Но санитар лишь мельком, безразлично взглянул на него, собирая тампоны, йод, инструменты. Японцы вышли, и дверь со скрежетом закрылась, прогремел засов, и кругом стало тихо.
— О ужас! — стонал Стульбицкий. — Я не выживу, товарищ Борилка! Что за изверги, что за изверги! Неужели человечество никогда не накажет их?
Вечером им принесли вареного серого риса и по чашечке подсоленной воды. Стульбицкий не прикоснулся к еде и лишь с жадностью выпил воду. Скоро его, однако, вырвало, и он упал в обмороке. Через сутки он умер. Напрасно Борилка стучал в дверь и звал санитара, когда сердце Стульбицкого стало останавливаться, — за дверью слышались лишь ровные, спокойные и размеренные, как удары маятника, шаги часового. Стульбицкий умер поздно вечером, а дверь камеры открылась лишь утром, и только тогда был вынесен покойник.
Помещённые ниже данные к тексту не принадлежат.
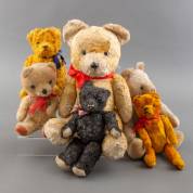 Zes oude mohair teddyberen, waaronder een donkere, diverse afmetingen en leeftijden -bespeeld-, grootste 45 cm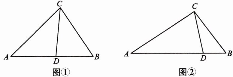 (2)如图②,在$\triangle ABC$中,$AC = 2$,$BC = \sqrt{2}$,$CD是\triangle ABC$的完美分割线,且$\triangle ACD是以CD$为底边的等腰三角形,找出$CD与BD$的关系.

— Помните, злодеи, вам придется расплачиваться своими головами за его жизнь! — кричал Борилка вслед жандармам, уносившим тело Стульбицкого.
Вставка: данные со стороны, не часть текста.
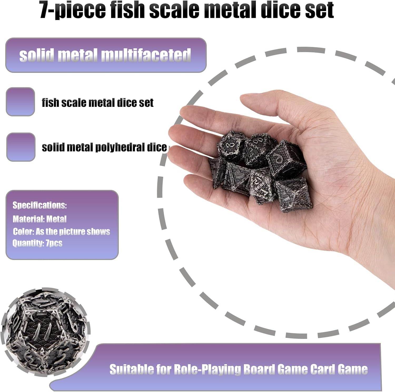 Description:NEW STYLE: This is the Fish Scale Metal Dice Set. These dice are eye catching and can get lots of compliments at the table.GREAT IN HAND: There are bigger but lighter than metal dice .The weight of the Dice set is only 190g/6.7oz.Specification:Specifications:Material: MetalColor: As the picture showsQuantity: 7pcsPackage Includes:1 Piece 4 Surface Sieve1 Piece 6 Surface Sieve(1-6)1 Piece 8 Surface Sieve(1-8)2 Piece 10 Surface Sieve(0-9/00-90)1 Piece 12 Surface Sieve(1-12)1 Piece 20 Surface Sieve(1-20)1 Piece tray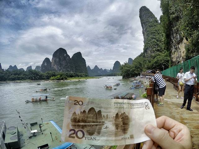 在杨堤码头坐竹筏有好几段的,我们在淘宝上订的时候旅行社告知我们由于西坪筏工罢工所以只能买到去九马画山的票(一百四十几的价格吧好像),我们去的当天导游说可以买到西坪了我们就又补了票(80还是85块)去到西坪,其实从九马画山到西坪挺近的,感觉很快就到了,但是能在江上多游一会儿,这八十几块还是很值得的,而且二十块人民币背后的风景也是在九马画山到西坪这一段上,要看这风景的必须买到西坪啊。

Каждую минуту он ждал нового вызова на допрос и расправу к Кувахара. Он, конечно, не знал, что в мире происходят события, несущие освобождение из таких же карцеров сотням и тысячам таких же, как он, узников. Но он словно был услышан там, на родной, земле; через сутки с небольшим после смерти Стульбицкого на головы преступной японской военщины обрушились удары возмездия на всем протяжении маньчжурской границы.
В ожидании нового допроса Борилка готовился к последнему сражению: у него было рассчитано все для того, чтобы убить Кувахара и этим отомстить за себя и за товарищей. Сделает он это просто: прикинется лояльным, согласится подписать акт и вообще будет соглашаться со всем, что ему предложит Кувахара. И когда ему развяжут руки, он будет знать, что делать: либо вырвет винтовку у жандарма, либо пистолет у самого Кувахара. Первая пуля будет для врага, вторая — для себя. Это легче, чем медленная мучительная смерть в застенке.
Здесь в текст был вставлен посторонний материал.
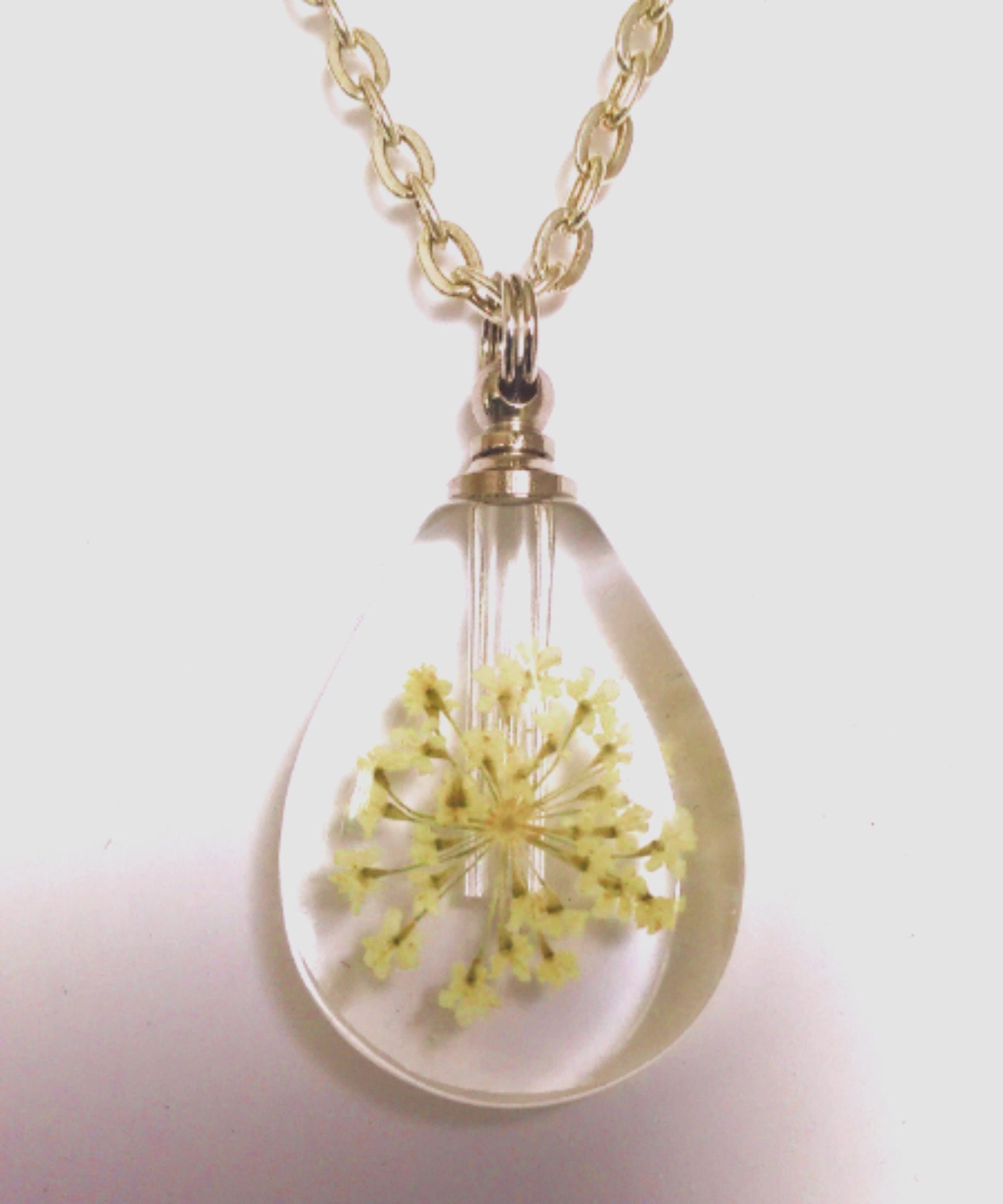 Clear Teardrop Crystal CREMATION URN NECKLACE with Embedded Dried Yellow Flowers (each one is unique) - Includes Velvet Pouch & Fill Kit

И вот гремит засов, дверь со скрежетом открывается, яркий дневной свет из коридора врывается в камеру, «Так. Это на допрос, — четко работает мысль. — В такое время не приносят ни воду, ни рис“. По телу, как электрический ток, пробегает легкая знобящая дрожь, но Борилка усилием воли унимает ее и бодро встает на ноги. Итак, он готов. И хотя ему больно двигать мускулами лица, он отвечает чем — то вроде улыбки на улыбку Хаттори, появившегося в дверях.
— Пожалуйста, собирайтесь, господин Борилка. — приветливо говорит Хаттори.
— Есть собираться. Господин подполковник приглашает?
— Нет, к господину генералу поедете.
«Ого, — подумал Борилка, — если подполковник проломил голову, то уже генерал наверняка печенку отшибет. Но, пожалуй, и с ним можно сыграть трали — вали“.
В голове кружилось, но он старался идти как можно бодрее и веселее. Он ожидал, когда его остановят, чтобы связать руки, но жандармы — один впереди, другой позади — провели его по всему коридору и через прихожую — на улицу. Неподалеку от крыльца стояла санитарная машина, позади нее — грузовик с вооруженными солдатами.
— Вот сюда, — указал Хаттори, показывая на заднюю дверцу санитарной машины.
Дверцу открыл жандарм и подтолкнул к ней Борилку. Сунулся туда боцман — и ахнул: в машине сидели все: Андронникова, Воронков, Брич и Кэбот. Оба американца были пострижены и побриты, худы и измождены до неузнаваемости. Не лучше выглядели Андронникова и Воронков, но они держались бодрее.
— Ну, что, расстреливать везут? — прошепелявил боцман побитыми и завязанными губами, залезая в машину.
— Боже мой, что они с вами сделали?! — кинулась навстречу ему Андронникова, чтобы помочь взобраться в машину. — Вас пытали?
— Ничего, мы еще повоюем, — глухо басил сквозь бинты Борилка. — Ну, живы пока? — он пожал каждому руку. — И даже не биты? Повезло вам. Только, наверно, ненадолго. Э — эх, молодец, Иннокентий Петрович! Как он, не слышно?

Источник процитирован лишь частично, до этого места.